To begin with, we used homologous protein templates from E. coli (32% sequence identity; PDB code 1bia) and P. horikoshi (37% sequence identity; PDB code 1wnl) to determine the structure of M. tuberculosis BirA by molecular replacement using Phaser (McCoy et al., 2007 ). Although solutions could be obtained from both the templates, the maps were noisy, probably owing to the low homology. Little progress could be made in rebuilding the structure, with many regions remaining undefined, and further progress awaited unbiased phase information. In the meantime, the coordinates for the crystal structure of BirA from M. tuberculosis at 1.8 Å resolution were deposited in the Protein Data Bank (PDB code 2cgh). The crystallization conditions for this BirA were 0.1 M Tris–HCl pH 8.5, 0.2 M trimethylamine N-oxide and 20%(w/v) MPEG 2000 (as obtained from the PDB) and the crystals belonged to space group P212121, with unit-cell parameters a = 62.1, b = 81.0, c = 101.9 Å, which are almost identical to those of our crystal form A. A run of the Phenix AutoMR wizard (Adams et al., 2002 ) in default mode with 2cgh (dimer) as a template resulted in a clear single solution with an LLG gain of 1992, a rotation-function Z (RFZ) score of 23.4 and a translation-function Z (TFZ) score of 32.0 (EULER 32.9 0.1 237.1 FRAC −0.76 0.74 −0.23). A molecular-replacement solution could also be obtained with the same program suite for crystal form B with a dimer as a search template. The LLG gain, RFZ and TFZ in this case were 323, 10.1 and 20.6, respectively (EULER 95.5 169.8 92.4 FRAC 0.57 1.29 0.38). The crystal-packing arrangements for both crystal forms are shown in Fig. 2 . Molecules in both crystal forms are evenly distributed throughout the whole unit cell and no clashes are observed between molecules.

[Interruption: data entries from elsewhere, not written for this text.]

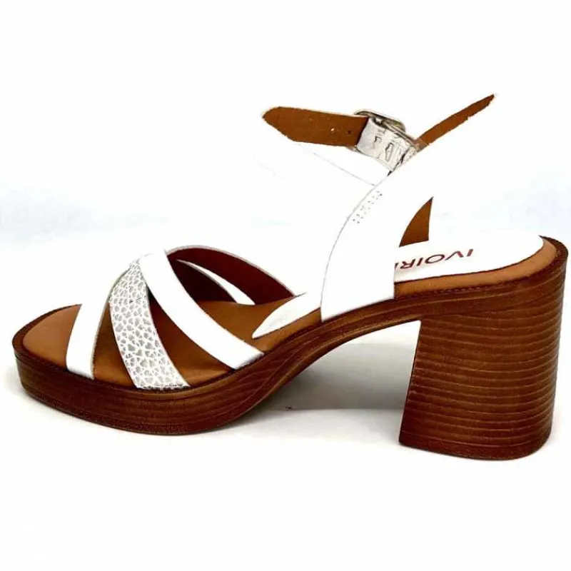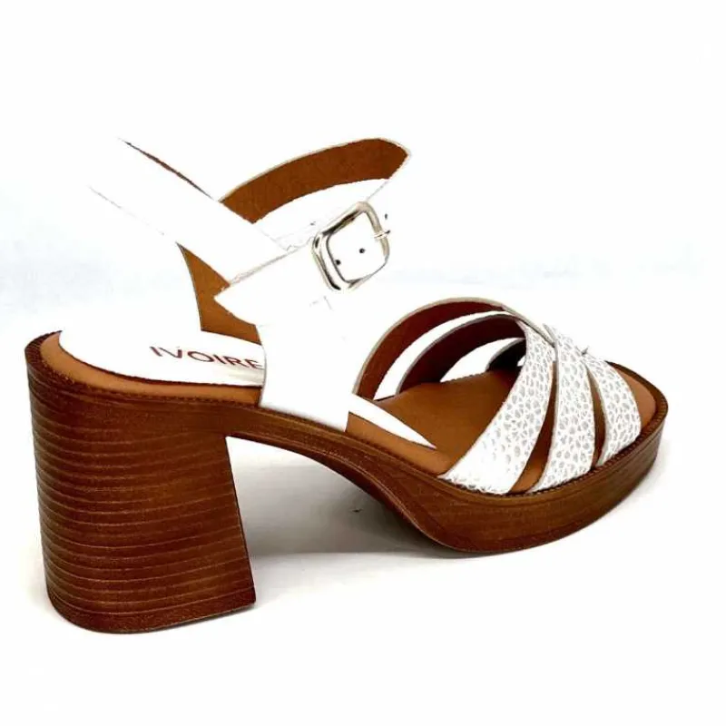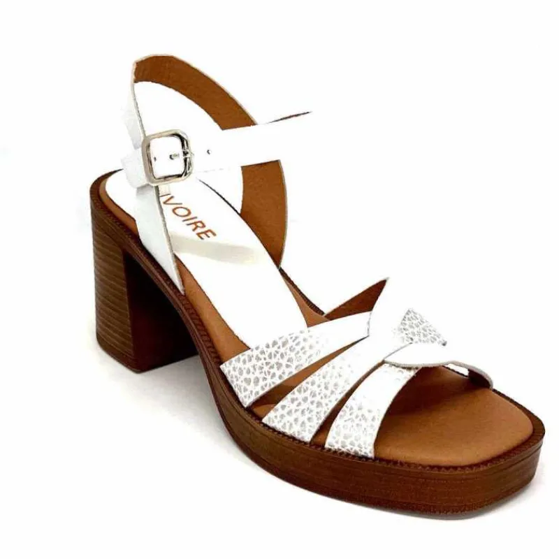Vacances|Sandales<380-ivoire Sandales à Talon Ivoire 12335 Cuir Blanc
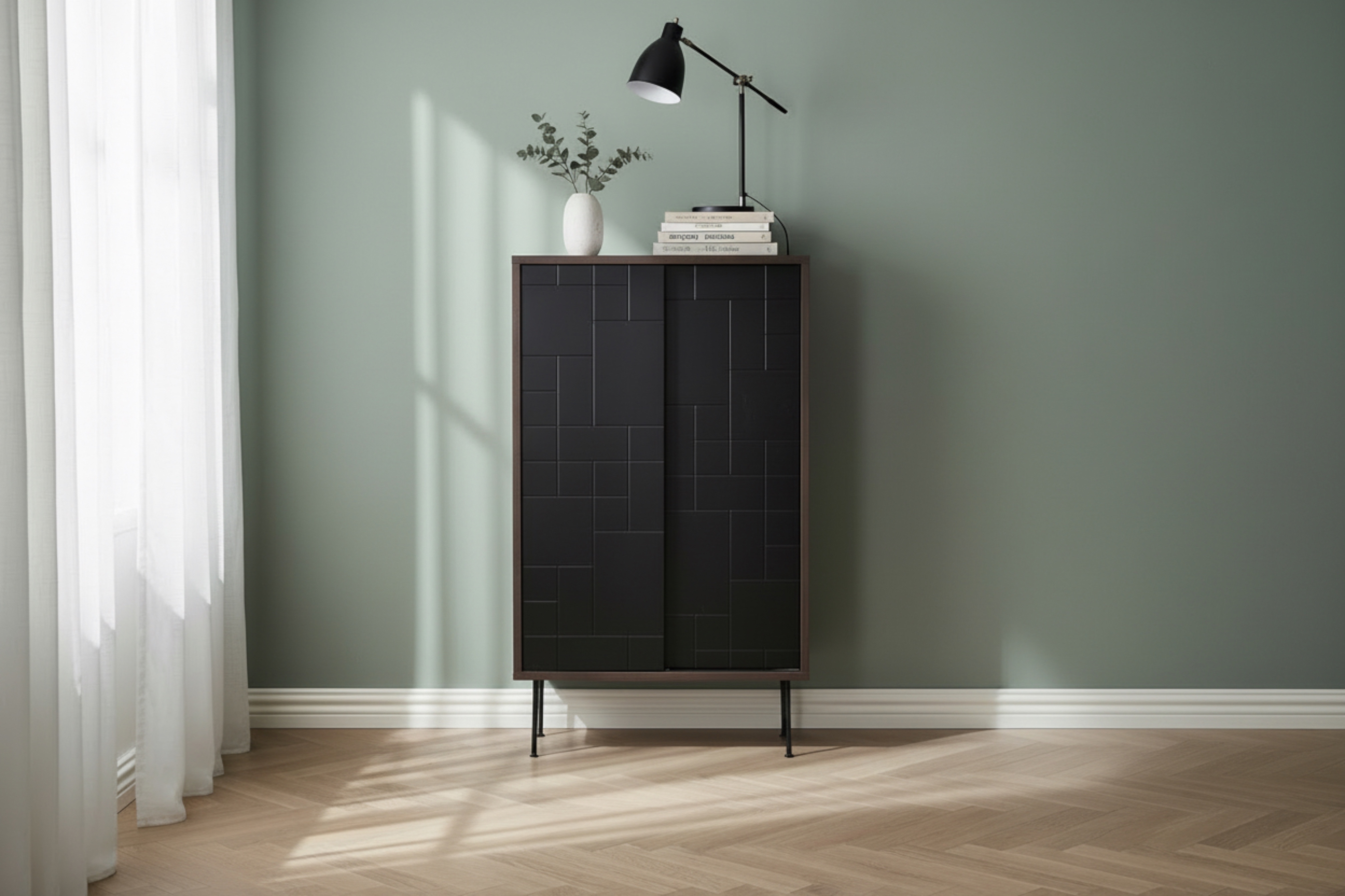 Den grafiskt mönstrade fronten ger möbeln en unik och dekorativ känsla samtidigt som de två luckorna döljer generös förvaring för porslin, glas, böcker eller andra tillhörigheter. Ovansidan erbjuder plats för lampor, vaser och personliga inredningsdetaljer som lyfter helhetsintrycket.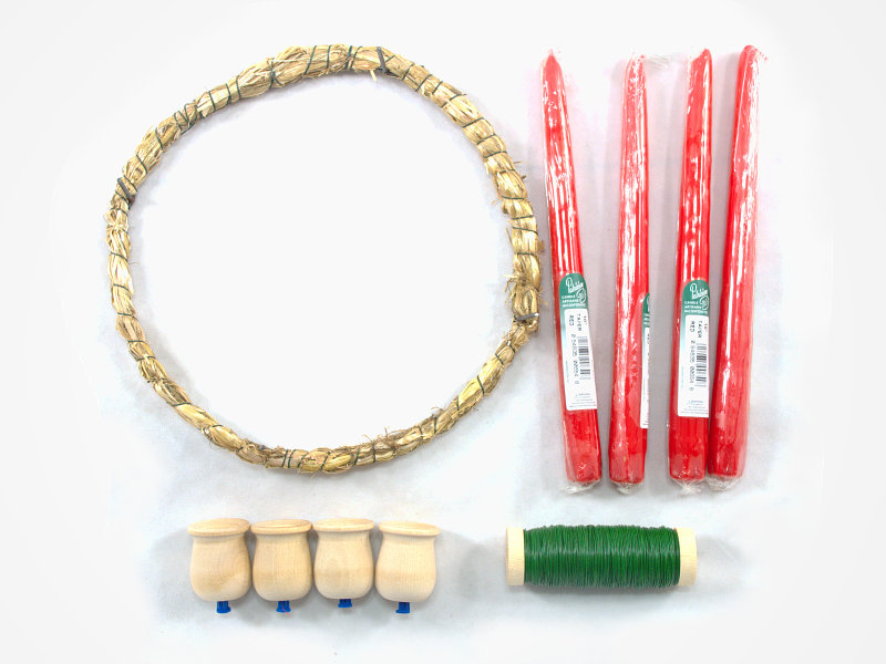 Centerpiece will be made in the same manner as a single faced wreath. Best results will be obtained if greens are cut approximately six inches in lengh to make up the greens bunches. Start applying the first bundle of greens midway between any two candle cup pins. Continue around the entire circle until the starting place has been reached and then finish off the wreath. Place the four candle cups over the pins and carefully adjust them until the candles are upright. If the centerpiece is placed on a dish, water may be added. This will moisten the hay and help keep the greens fresh. The candles may be removed and the base placed in the refrigerator to extend the life of the centerpiece.
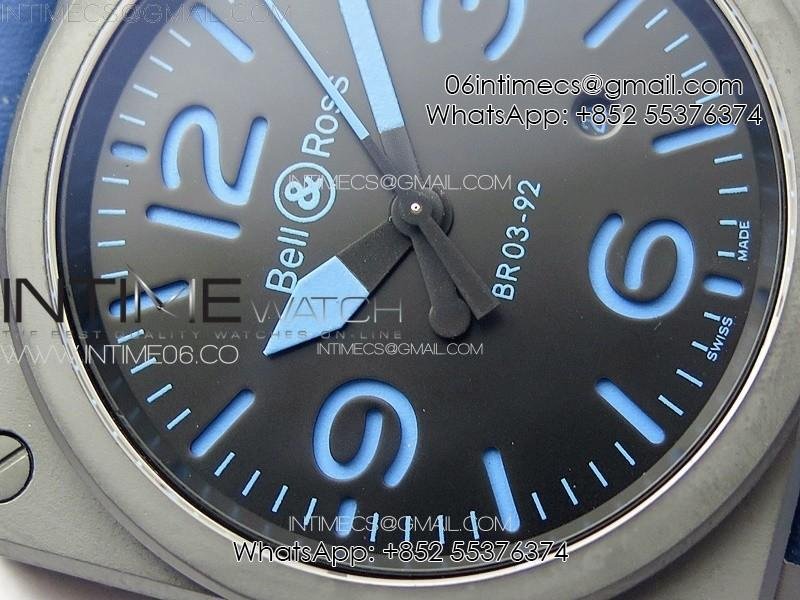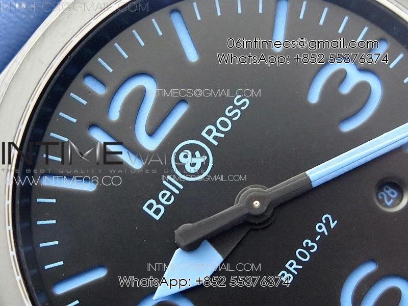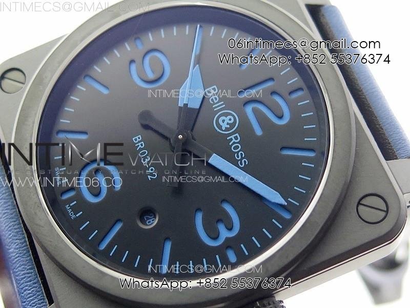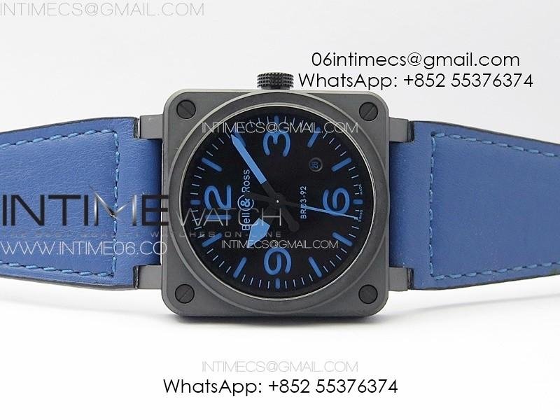 BR 03-92 Real Ceramic 1:1 Best Edition Black Dial Blue Markers on Blue Leather Strap MIYOTA 9015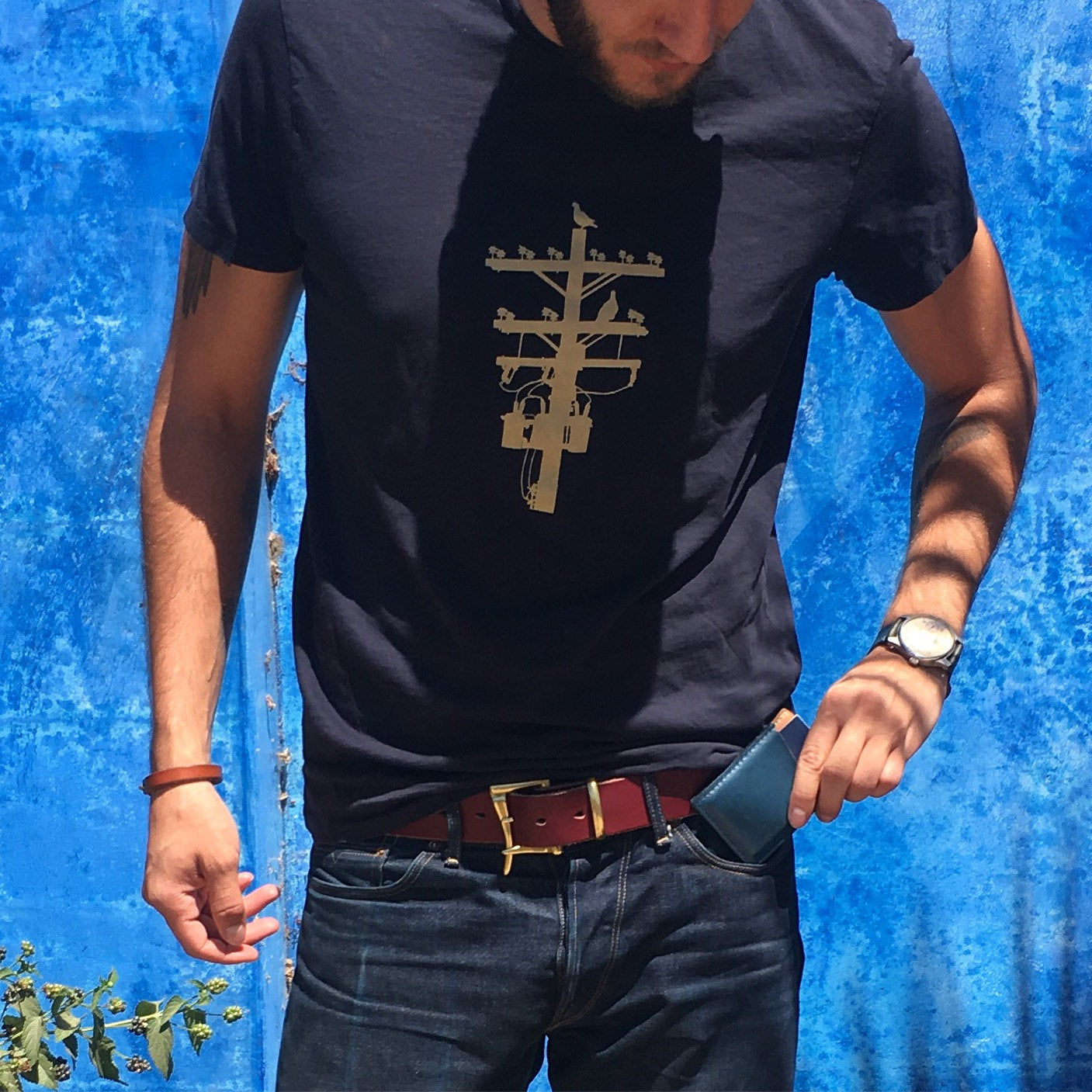 Black and White Pigeon Tree Logo Tee Made in USA T-shirt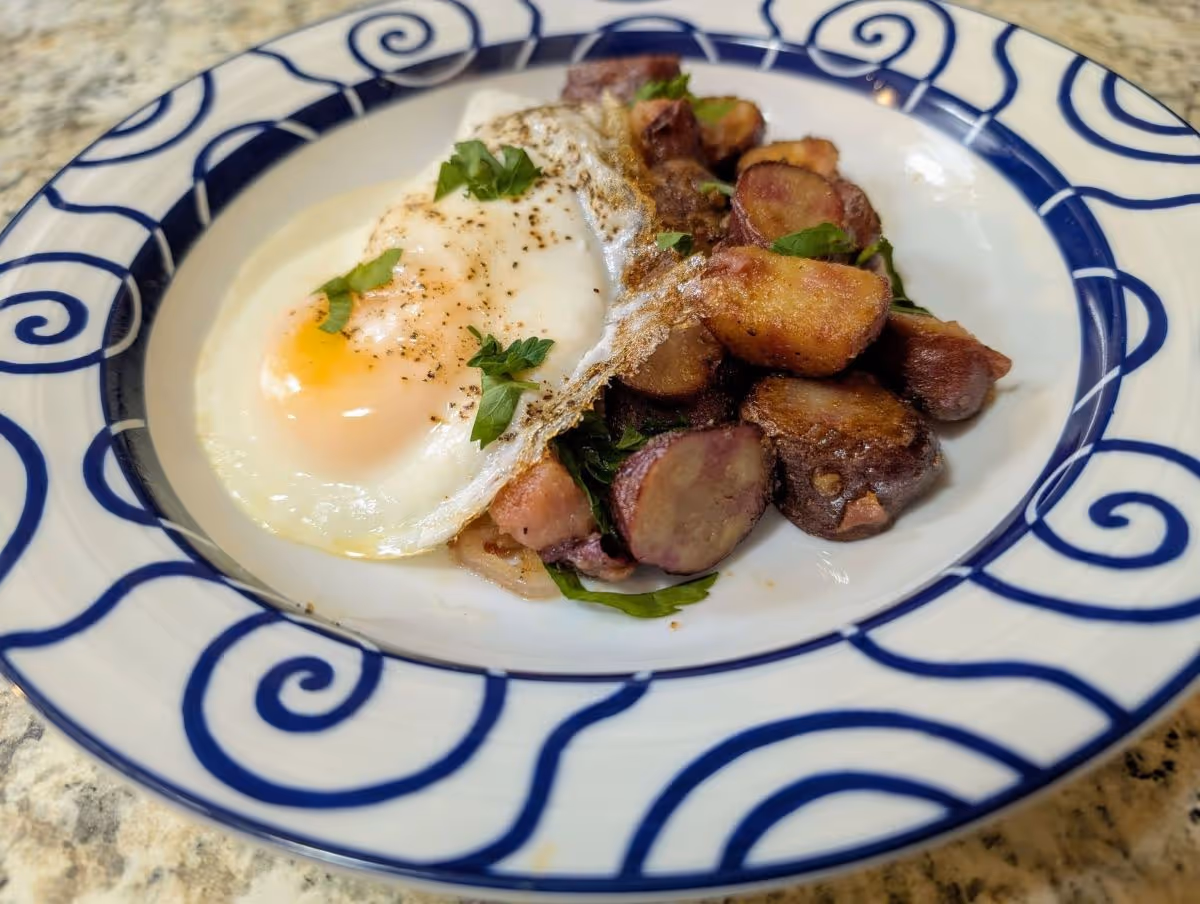 In this dish, the Ozette potatoes are sliced and crisped to golden perfection in a pan alongside savory pancetta and shallots. The dish is finished with a fried egg, its runny yolk creating a rich sauce that ties everything together. With a balance of crisp, creamy, and savory elements, this breakfast is deeply satisfying and easy to prepare, making it an excellent choice for a weekend morning or a special brunch.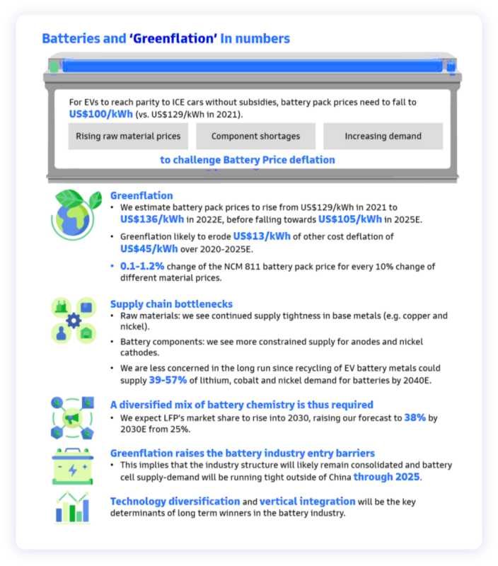 中國(guó)儲(chǔ)能網(wǎng)訊:高盛發(fā)布了《Global Batteries: The Greenflation Challenge 》和《Green Metals Battery Metals Watch: The end of the beginning 》闡述了一些觀點(diǎn),抽取一些內(nèi)容和大家分享下。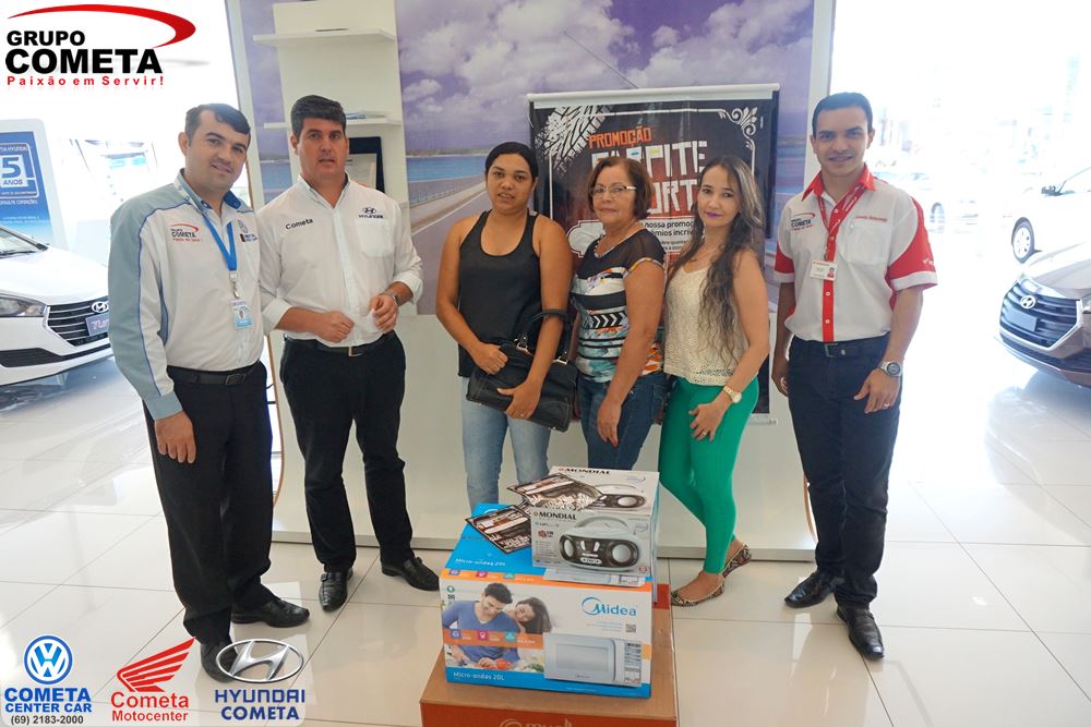 A promoção envolveu as concessionárias de Ji-Paraná, Cometa Motocenter, Cometa Center Car e Cometa Hyundai, onde nesta foi feita a entrega da premiação na tarde da 2ª feira 18/07. A Rádio Alvorada e o site VipFesta registrou o momento. Confira as fotos: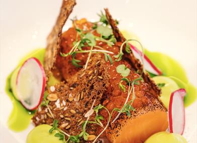 Menyen er sesongbasert med fokus på kvalitet i alle ledd og smaker som forteller om restaurantens lokasjon ved kysten.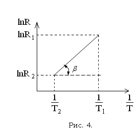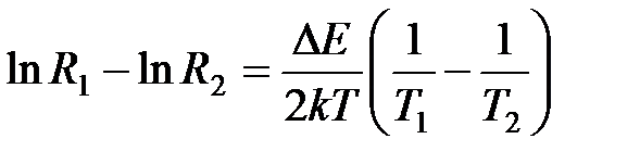 Здесь А – коэффициент, зависящий от физических свойств полупроводника. Из формулы (5) видно, что с ростом температуры сопротивление полупроводника R уменьшается. По зонной теории эта закономерность объясняется следующим образом: при увеличении температуры растет число электронов в свободной зоне и число дырок в валентной зоне, поэтому проводимость полупроводника увеличивается, а сопротивление уменьшается. У металлов с ростом температуры сопротивление увеличивается. Для определения ширины запрещенной зоны
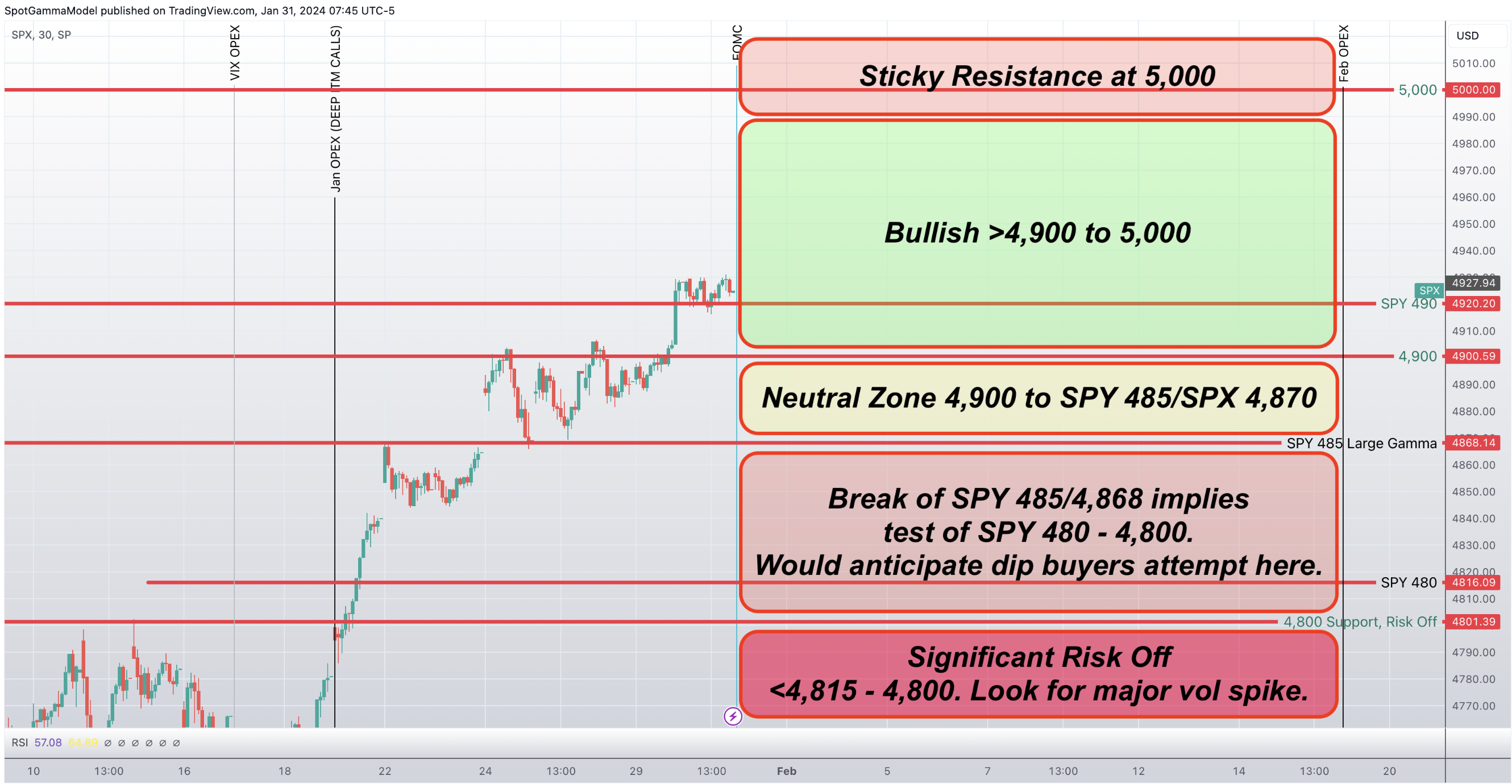 TLDR: We are poised for volatility today, and seem positioned to shift away from current trading ranges, leading to a new set of ranges into Feb OPEX. Major price targets for the 1-2 days post-FOMC:

We are presently attempting to crystallize BirA in complex with its proteinaceous substrate in order to understand how activated biotin is transferred to a specific lysine residue of the BCCP subunit of acetyl-CoA carboxylase.
This work was supported by a financial grant received from the Department of Biotechnology, Government of India. GK is grateful to the Council of Scientific and Industrial Research, India for a fellowship. We thank Remy Loris at VUB (Brussels, Belgium) and the beamline staff at EMBL (Hamburg, Germany) for their kind help with data collection and the DBT Distributed Information Sub Centre for providing computational facilities. Mr Rajiv Chawla is acknowledged for efficient secretarial help.